→ **Assigned task**
In the output, include exactly the lines from the beginning of the records up to and including the one that contains "တပ်မတော်ကာကွယ်ရေးဦးစီးချုပ် ဝန်ထမ်းများကြီး မင်းအောင်လှိုင်", and leave out the pictures.

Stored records

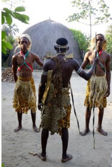
Spectacle au Musée Vivant
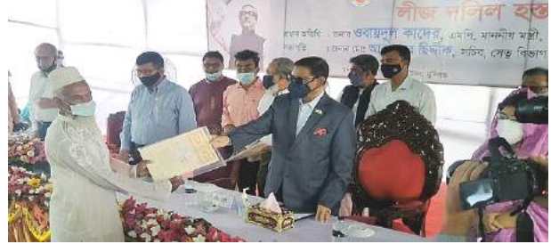
চিত্র : পুনর্বাসন ভিলেজে বরাদ্দকৃত প্লটের লীজ দলিল হস্তান্তরে মাননীয় মন্ত্রী জনাব ওবায়দুল কাদের এম.পি.

সড়ক পরিবহন ও সেতু মন্ত্রণালয়-এর মাননীয় মন্ত্রী জনাব ওবায়দুল কাদের এম.পি ০৩ অক্টোবর/২০২১ তারিখ পদ্মা বহুমুখী সেতু নির্মাণ প্রকল্পের পুনর্বাসন ভিলেজে বরাদ্দকৃত প্লটের লীজ দলিল হস্তান্তর অনুষ্ঠানে প্রধান অতিথি হিসেবে উপস্থিত থেকে লীজ দলিল হস্তান্তর করেন।
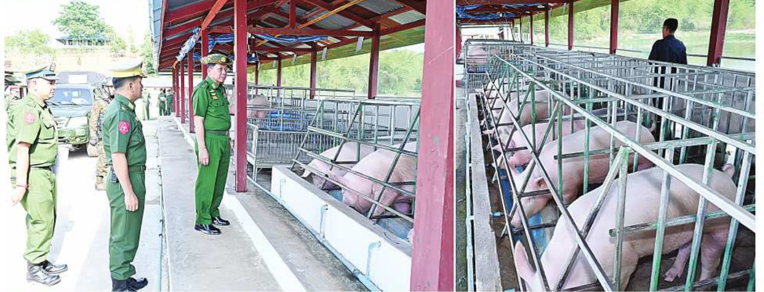
နိုင်ငံတော်စီမံအုပ်ချုပ်ရေးကောင်စီဥက္ကဋ္ဌ တပ်မတော်ကာကွယ်ရေးဦးစီးချုပ် ဝန်ထမ်းများကြီး မင်းအောင်လှိုင် တိုင်းစစ်ဌာနချုပ် ခိုက်ပျိုးမွေးမြူရေးရန်အတွင်း ဝန်ထောက်ချုပ်များ အကောင်အထည်ဖော်ဆောင်ရွက်ထားရှိမှုအခြေအနေများကို လိုက်လံကြည့်ရှုစစ်ဆေးစဉ်။

စာမျက်နှာ ၁၉ မှအဆက် အမိန့်နှင့်တာဝန်ကို ကျေပွန်စွာ တာဝန်ထမ်းဆောင်ကြရန် လိုကြောင်း၊ ဦးစီးခေါင်းဆောင်များ အနေဖြင့်လည်း မိမိတို့၏ လက်အောက်မှ အရာရှိ၊ စစ်သည်၊ မိသားစုများအတွက် ပတ်ဝန်းကျင်ကောင်းများ ဖန်တီးပေးနိုင် ရမည်ဖြစ်ပြီး ညီညွတ်မှုတည်ဆဲ အုပ်ချုပ်မှု ပုံစံရှိရမည်ဖြစ်ကြောင်း၊ တပ်မှူးကောင်း သဖွယ်စိတ်ဓာတ်၊ ဖခင်သဖွယ်စိတ်ဓာတ် ဖြင့် ကွပ်ကဲအုပ်ချုပ်ရမည်ဖြစ်ကြောင်း၊ အရာရှိ၊ စစ်သည်များ၊ မိသားစုဝင်များ အားလုံး ညီညွတ်ညွတ်ဖြင့် စည်းလုံး ညီညွတ်စွာနေထိုင်ကြရန်လိုပြီး နိုင်ငံတော် နှင့် တပ်မတော်က ပေးအပ်လာသည့် တာဝန်များကို ကျေပွန်စွာ ထမ်းဆောင် ကြရမည်ဖြစ်ကြောင်းဖြင့် မှာကြားပြီး အရာရှိ၊ စစ်သည်၊ မိသားစုများ၏ လိုအပ် ချက်များကို မေးမြန်းသည်။ ထို့နောက် နိုင်ငံတော်စီမံအုပ်ချုပ်ရေး ကောင်စီဥက္ကဋ္ဌ တပ်မတော်ကာကွယ်ရေး ဦးစီးချုပ်က ကျွမ်းကျင်တပ်နယ်မှ အရာရှိ၊ စစ်သည်၊ မိသားစုများအတွက် စားသောက် ဖွယ်ရာပစ္စည်းများကို ပေးအပ်ရာ တိုင်းမှူးကလည်းကောင်း၊ နိုင်ငံတော်စီမံ အုပ်ချုပ်ရေးကောင်စီဥက္ကဋ္ဌ တပ်မတော် ကာကွယ်ရေးဦးစီးချုပ်၏ဇနီးက တပ်နယ် မိခင်နှင့် ကလေးစောင်ရွှောက်ရေးအသင်း အတွက် ချီးမြှင့်ငွေများကို ပေးအပ်ရာ တိုင်းမှူး၏ဇနီးကလည်းကောင်း အသီးသီး လက်ခံရယူကြသည်။ ထို့နောက် နိုင်ငံတော်စီမံ အုပ်ချုပ်ရေးကောင်စီဥက္ကဋ္ဌ တပ်မတော် ကာကွယ်ရေးဦးစီးချုပ်နှင့် ဇနီး၊ အဖွဲ့ဝင် မိခင်နှင့် ကလေးစောင်ရွှောက်ရေးအသင်း အတွက် ချီးမြှင့်ငွေများကို ပေးအပ်ရာ တိုင်းမှူး၏ဇနီးကလည်းကောင်း အသီးသီး လက်ခံရယူကြသည်။ ထို့နောက် နိုင်ငံတော်စီမံ အုပ်ချုပ်ရေးကောင်စီဥက္ကဋ္ဌ တပ်မတော် ကာကွယ်ရေးဦးစီးချုပ်နှင့် ဇနီး၊ အဖွဲ့ဝင် မိခင်နှင့် ကလေးစောင်ရွှောက်ရေးအသင်း အတွက် ချီးမြှင့်ငွေများကို ပေးအပ်ရာ တိုင်းမှူး၏ဇနီးကလည်းကောင်း အသီးသီး လက်ခံရယူကြသည်။
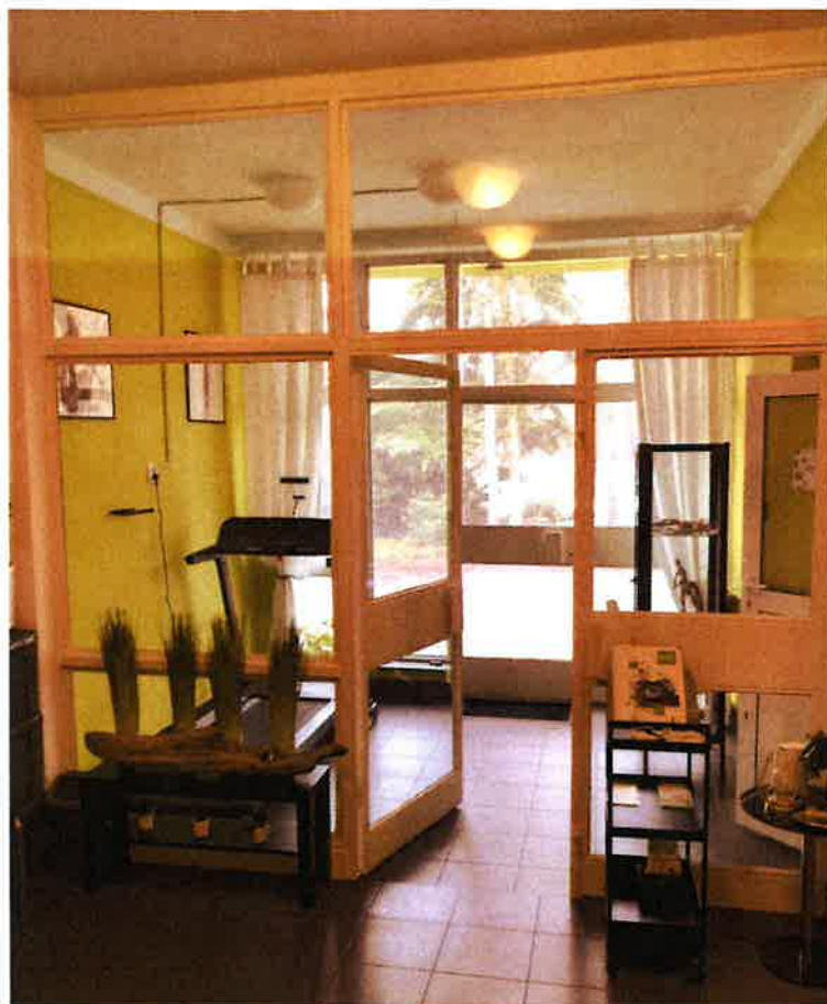
Fot.9. Korytarz wewnętrzny K.07

→ **Answer to this exercise**
Spectacle au Musée Vivant
চিত্র : পুনর্বাসন ভিলেজে বরাদ্দকৃত প্লটের লীজ দলিল হস্তান্তরে মাননীয় মন্ত্রী জনাব ওবায়দুল কাদের এম.পি.

সড়ক পরিবহন ও সেতু মন্ত্রণালয়-এর মাননীয় মন্ত্রী জনাব ওবায়দুল কাদের এম.পি ০৩ অক্টোবর/২০২১ তারিখ পদ্মা বহুমুখী সেতু নির্মাণ প্রকল্পের পুনর্বাসন ভিলেজে বরাদ্দকৃত প্লটের লীজ দলিল হস্তান্তর অনুষ্ঠানে প্রধান অতিথি হিসেবে উপস্থিত থেকে লীজ দলিল হস্তান্তর করেন।
နိုင်ငံတော်စီမံအုပ်ချုပ်ရေးကောင်စီဥက္ကဋ္ဌ တပ်မတော်ကာကွယ်ရေးဦးစီးချုပ် ဝန်ထမ်းများကြီး မင်းအောင်လှိုင် တိုင်းစစ်ဌာနချုပ် ခိုက်ပျိုးမွေးမြူရေးရန်အတွင်း ဝန်ထောက်ချုပ်များ အကောင်အထည်ဖော်ဆောင်ရွက်ထားရှိမှုအခြေအနေများကို လိုက်လံကြည့်ရှုစစ်ဆေးစဉ်။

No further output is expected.